[EXERCISE GOAL] Verbatim copy, images omitted: return the full listing.

[DATA PROVIDED]
'''
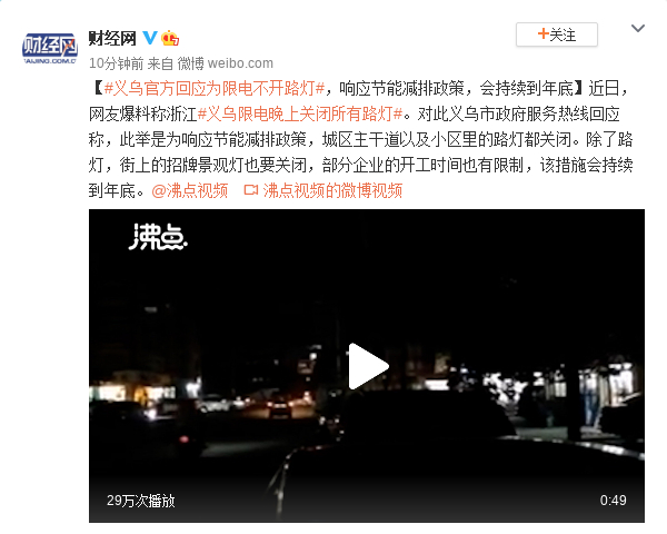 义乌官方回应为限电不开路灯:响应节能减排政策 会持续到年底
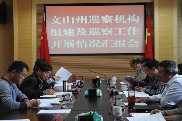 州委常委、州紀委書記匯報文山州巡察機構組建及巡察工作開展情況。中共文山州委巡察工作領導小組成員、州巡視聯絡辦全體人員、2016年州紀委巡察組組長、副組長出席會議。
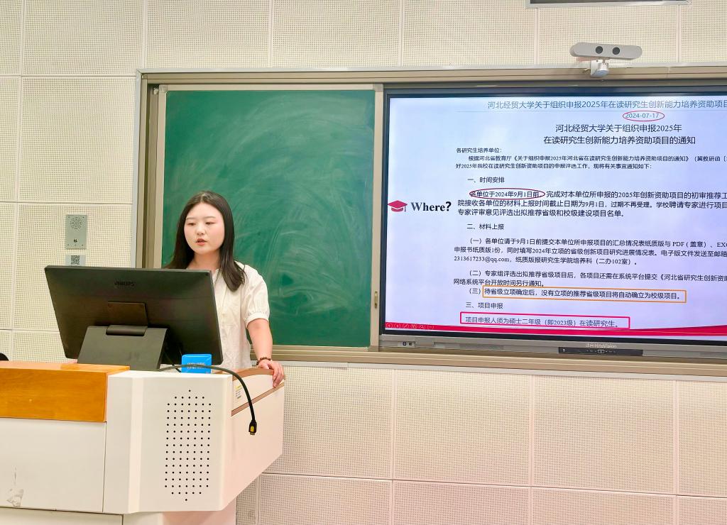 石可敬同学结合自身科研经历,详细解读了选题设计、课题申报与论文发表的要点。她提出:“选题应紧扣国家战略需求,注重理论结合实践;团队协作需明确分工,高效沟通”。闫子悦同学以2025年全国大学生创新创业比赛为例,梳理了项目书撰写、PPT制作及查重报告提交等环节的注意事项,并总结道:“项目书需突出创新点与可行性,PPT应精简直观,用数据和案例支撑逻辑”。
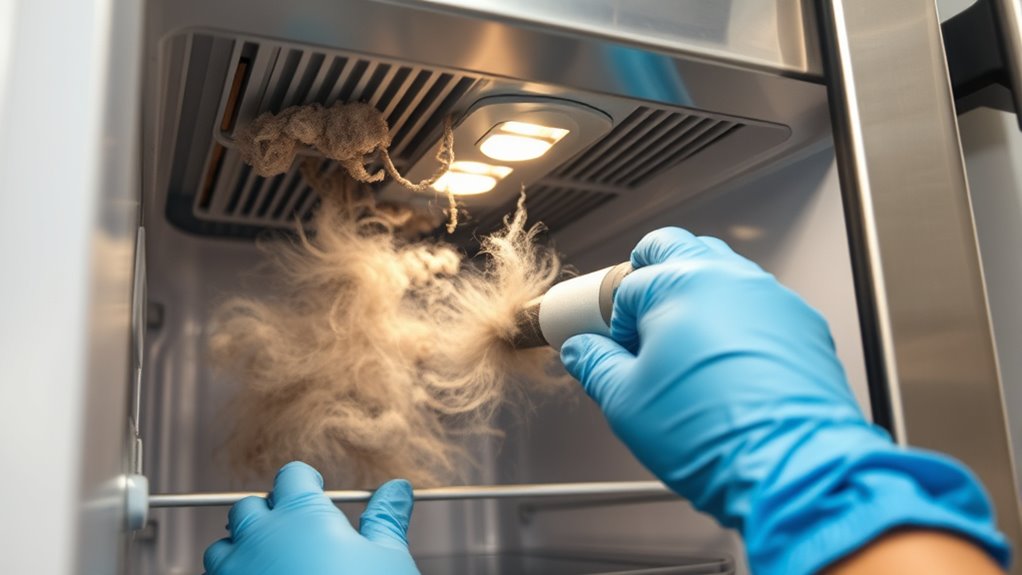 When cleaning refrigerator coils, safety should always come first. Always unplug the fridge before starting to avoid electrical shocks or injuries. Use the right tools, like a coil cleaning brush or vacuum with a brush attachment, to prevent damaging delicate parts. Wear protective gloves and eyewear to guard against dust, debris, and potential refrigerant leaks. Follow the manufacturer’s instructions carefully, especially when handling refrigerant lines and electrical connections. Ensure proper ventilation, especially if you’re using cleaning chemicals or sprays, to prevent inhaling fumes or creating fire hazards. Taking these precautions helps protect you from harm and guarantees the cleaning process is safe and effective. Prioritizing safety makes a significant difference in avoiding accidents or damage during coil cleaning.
'''
[ANSWER SPACE]
 义乌官方回应为限电不开路灯:响应节能减排政策 会持续到年底
 州委常委、州紀委書記匯報文山州巡察機構組建及巡察工作開展情況。中共文山州委巡察工作領導小組成員、州巡視聯絡辦全體人員、2016年州紀委巡察組組長、副組長出席會議。
 石可敬同学结合自身科研经历,详细解读了选题设计、课题申报与论文发表的要点。她提出:“选题应紧扣国家战略需求,注重理论结合实践;团队协作需明确分工,高效沟通”。闫子悦同学以2025年全国大学生创新创业比赛为例,梳理了项目书撰写、PPT制作及查重报告提交等环节的注意事项,并总结道:“项目书需突出创新点与可行性,PPT应精简直观,用数据和案例支撑逻辑”。
 When cleaning refrigerator coils, safety should always come first. Always unplug the fridge before starting to avoid electrical shocks or injuries. Use the right tools, like a coil cleaning brush or vacuum with a brush attachment, to prevent damaging delicate parts. Wear protective gloves and eyewear to guard against dust, debris, and potential refrigerant leaks. Follow the manufacturer’s instructions carefully, especially when handling refrigerant lines and electrical connections. Ensure proper ventilation, especially if you’re using cleaning chemicals or sprays, to prevent inhaling fumes or creating fire hazards. Taking these precautions helps protect you from harm and guarantees the cleaning process is safe and effective. Prioritizing safety makes a significant difference in avoiding accidents or damage during coil cleaning.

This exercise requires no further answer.